Thanks to everyone for all your words of support, we are trying to arrange some nice things to take our minds off what happened- like booking a holiday to St-lucia in july for my birthday and we are off to seville for the weekend. It doesn't take away the hurt & disappointment but we need something to focus on. My MIL has taken it really badly- she can't eat/sleep and is off work with stress. She- like us- really thought we would get the 2 children- however we did try & keep in our minds that there were other couples involved. I am still annoyed that we were shown lots of photo's though- i think that was so wrong.

Momxx


----------



## Laine

KJ,

Sending positive thoughts to you   

Sorry to hear your news.

Laine


----------



## everhopeful

Ruth

Sorry to hear of your friend's news, you are so right, the world can be so cruel.

Sending our thoughts and prayers for her baby  

xx


----------



## TraceyH

KJ - Sending you lots of hugs. Try and keep strong.

Ruth - hope your friends baby is doing well.

Not much news at this end except that our court papers should be ready to be sent off just after the Bank Holiday so hopefully the courts will be able to fit us in soon.  I have been hobbling around on cruthces for a week after a knee op and cannot drive for 2 weeks.  That is the frustrating part but friends and family have helped us out so that I am not confined to the house with a 2 year old!  My physio has asked me to rest a bit more but that is difficult as well as 2 year olds are so full on.

Best wishes to everyone else.

Tracey x


----------



## Barbarella

Keemjay - I am devastated to read your news... I am so so sorry.  I cannot believe what I'm reading either.  I am praying for a positive outcome... how dare they put you through this awful time.

Ruth - so sorry to hear about your BF as well... life is so cruel.

Will be checking for your updates and will be praying they are happy ones.

Take care...

Cxxx


----------



## Pooh bears mummy

KJ, just wanted to ad my thought and prayer to you, and i hope that you get the news you want asap. {{{{{{Hugs}}}}}}}

Ruth sorry to read about you BF baby

Cindy, enjoy your week away. Chat soon. Good news about sending off the papers for cuddles.

Ever, 2 year! it has flown hasn't it. It is 2 years for us in 2 weeks or so. Planning our family day out.
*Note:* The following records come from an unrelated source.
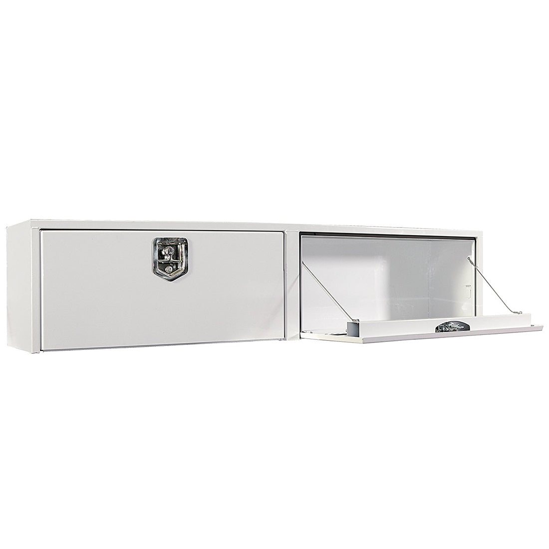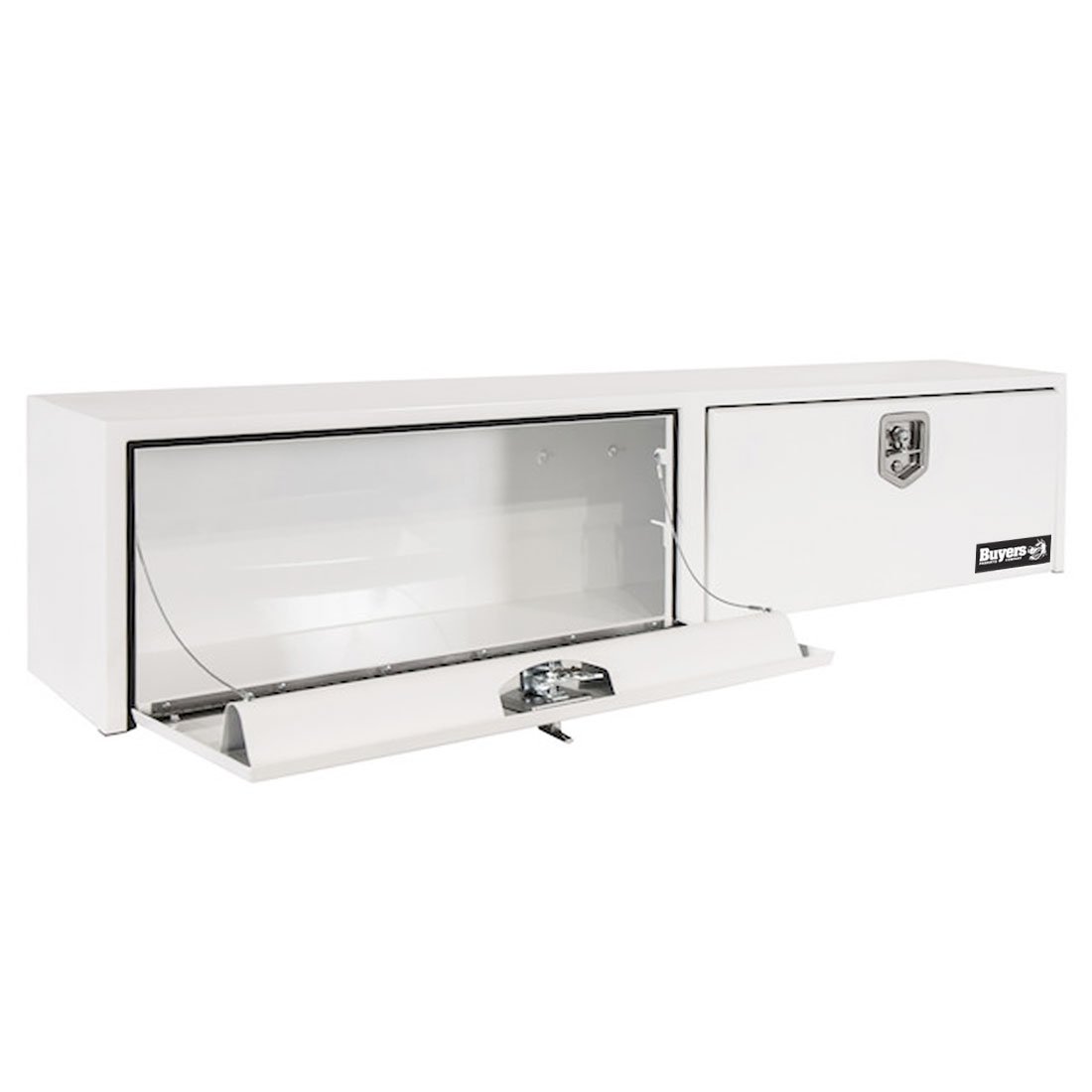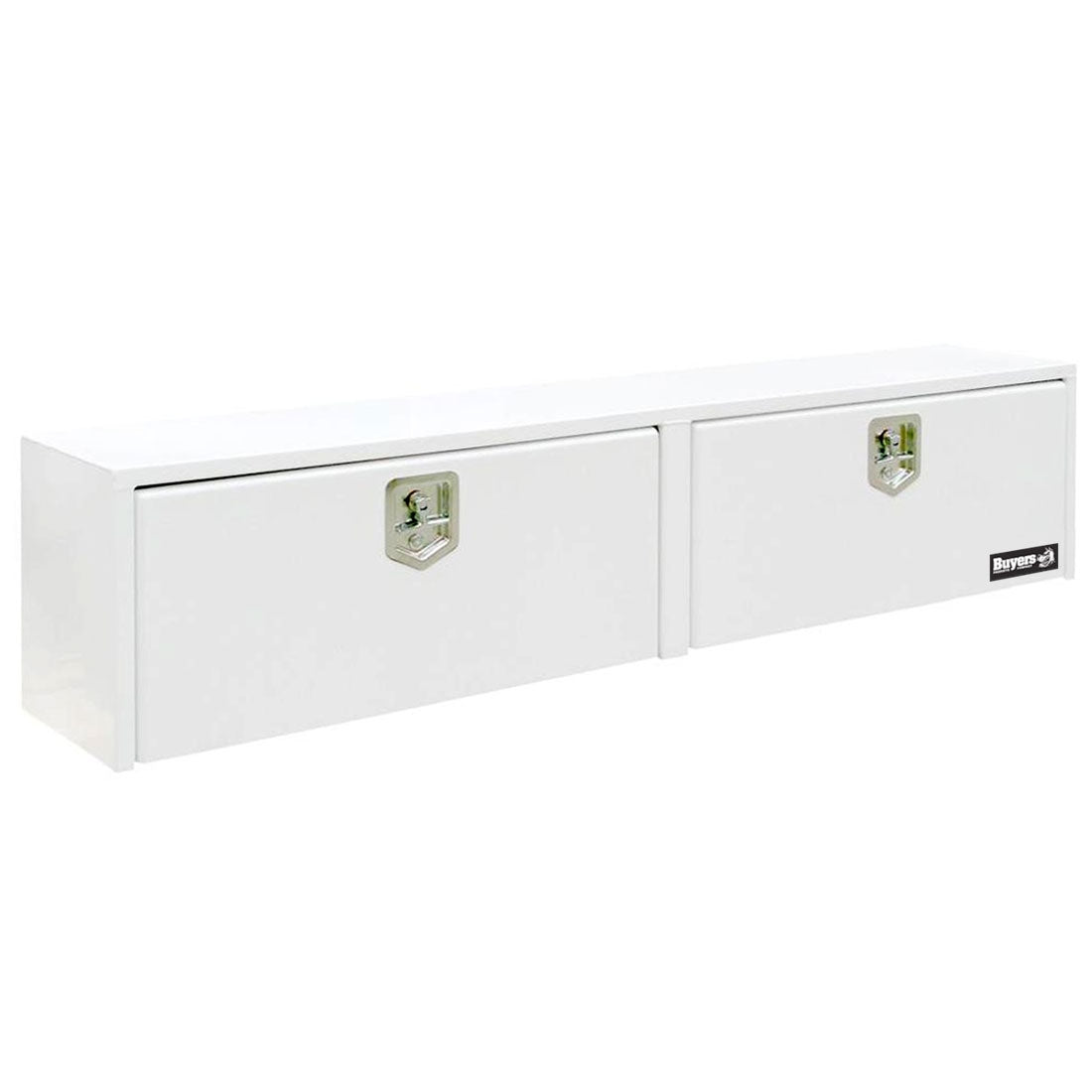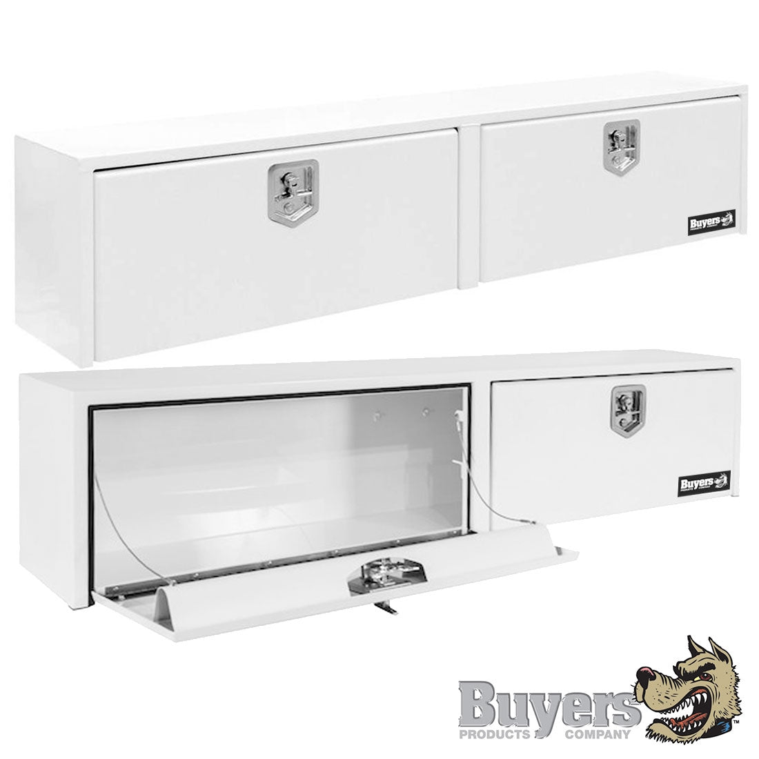 Buyers steel underbody toolboxes are constructed of 14-gauge high quality American steel. The 12-gauge steel doors feature crossbar reinforcement to shield the locking mechanisms from bumps without limiting storage capacity. The flush mounted doors have a pitched top lip design to avoid water collection, and the 1/2" automotive style door gasket forms a continuous seal to keep the elements out. T-handled latches are easy to grip and the powder coat finish provides superior corrosion resistance.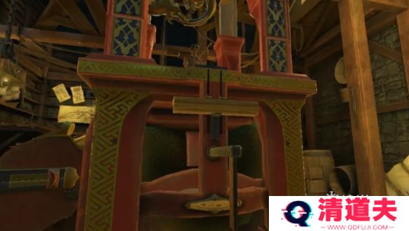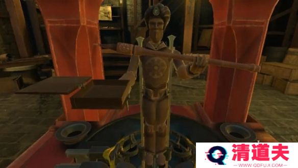 13、拉动左侧柱子中的把手,拖拽木偶右侧的把手,把木质毛笔放在人偶的手中,点击机关上的红色宝石,得到半截笛子,移动机关里的滑块,得到迷你钥匙。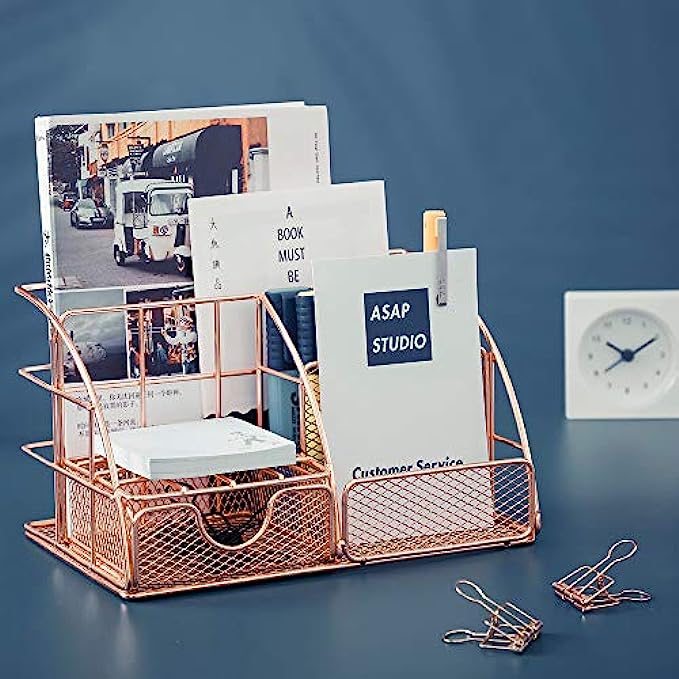 • ?【Multi-function Rose Gold Desktop Organizer】-With 5 independent compartments and one sliding drawer, the desktop organizer can be used as documents holder, pen holder and paper organizer. Enable you to classify documents, paper, pen, scissors, tape and stapler, earrings and other small items and store them in different places. let us start changing from details, staying away from messy desktop and keeping organized.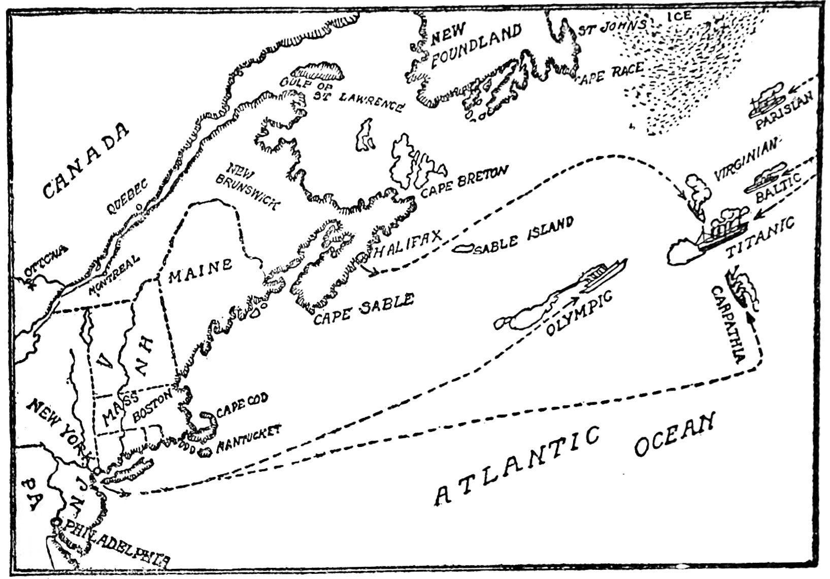 As to the behavior of officers and crew, not a word of complaint was heard from the men. They were praised as worthy Britons and true seamen. In the same breath the survivors exalted the heroism of the missing men of the first cabin, who had stood calmly waiting for their turn—the turn which, because of scarcity of boats and shortness of time, never came for most of them.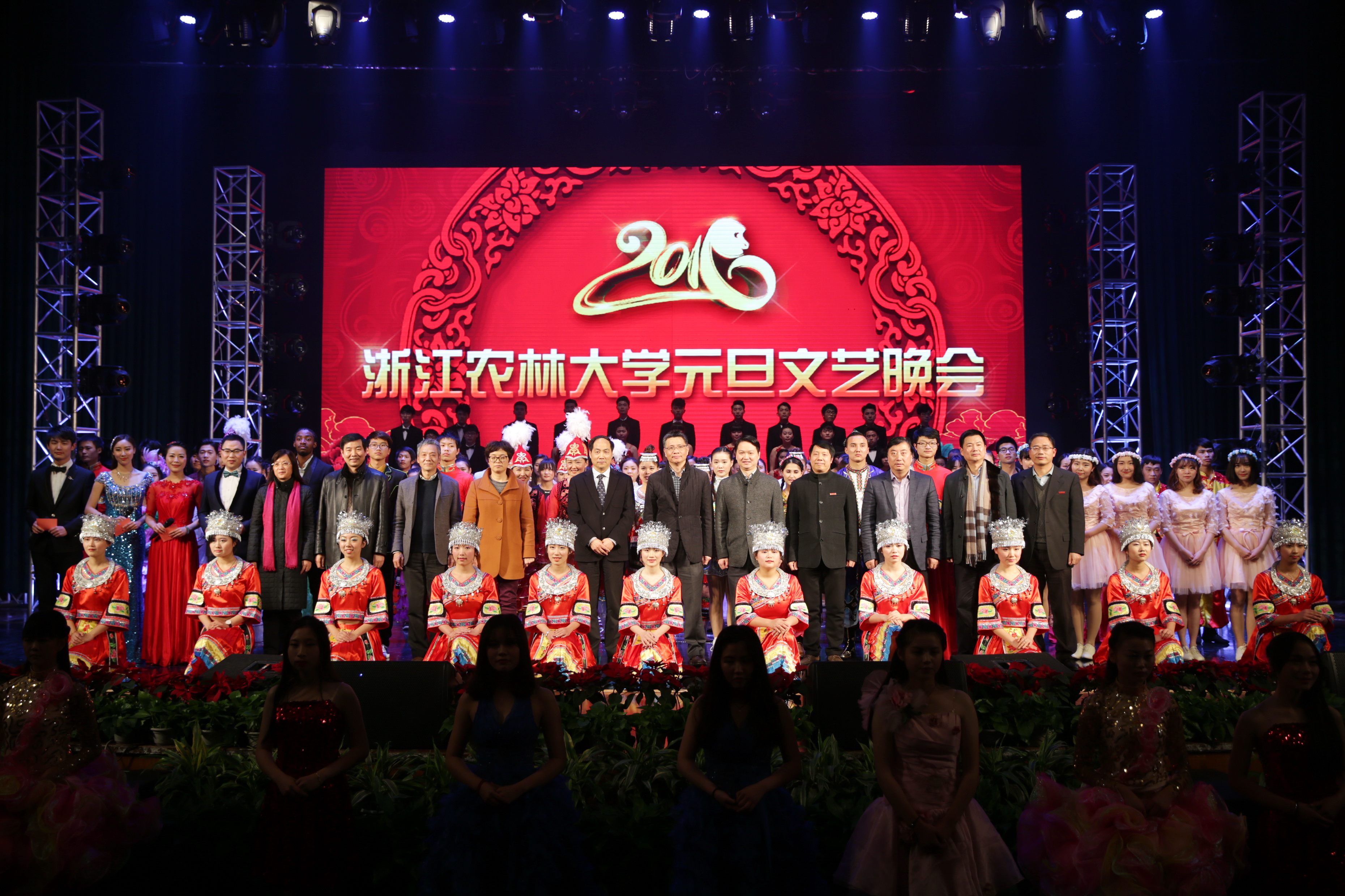 潮平岸闊催人進,風正帆舉啟新程。12月29日晚,由校黨委宣傳部、校黨委學工部、校工會和校團委共同主辦的2016年元旦文藝晚會在東湖校區活動中心影劇院隆重舉行。學校黨政班子成員宣勇、周國模、方偉、王自勇、金佩華、鐘平、沈希、沈月琴、胡祖吉,臨安市委常委、宣傳部部長黃建正,臨安市副市長裘小民,以及學校各職能部門、學院黨政負責人與千余名師生代表歡聚一堂,在歌舞聲中喜迎2016年新年元旦。

Well we went on our prep day for 2nd timer yesterday. It was OK, nice to meet other couples in the same boat. Phoned SS today to let them know we had been as it was out of area. Spoke to our SW from last time who had become head of the dept only to be told he is leaving soon!!!!!!!!!!!!!! to say I am upset is an understatement. He also said they are still under staffed so goodness know when we will be allocated a SW to start our home study. I feel really down and it is only day 1. So I said good luck to him and that I would phone back in 2 weeks if I had not heard from the new head of dept by then. He know me well and know i do not like to let the grass grow under my feet so he said he would let this new counter part know. Fingers crossed that we get a SW soon.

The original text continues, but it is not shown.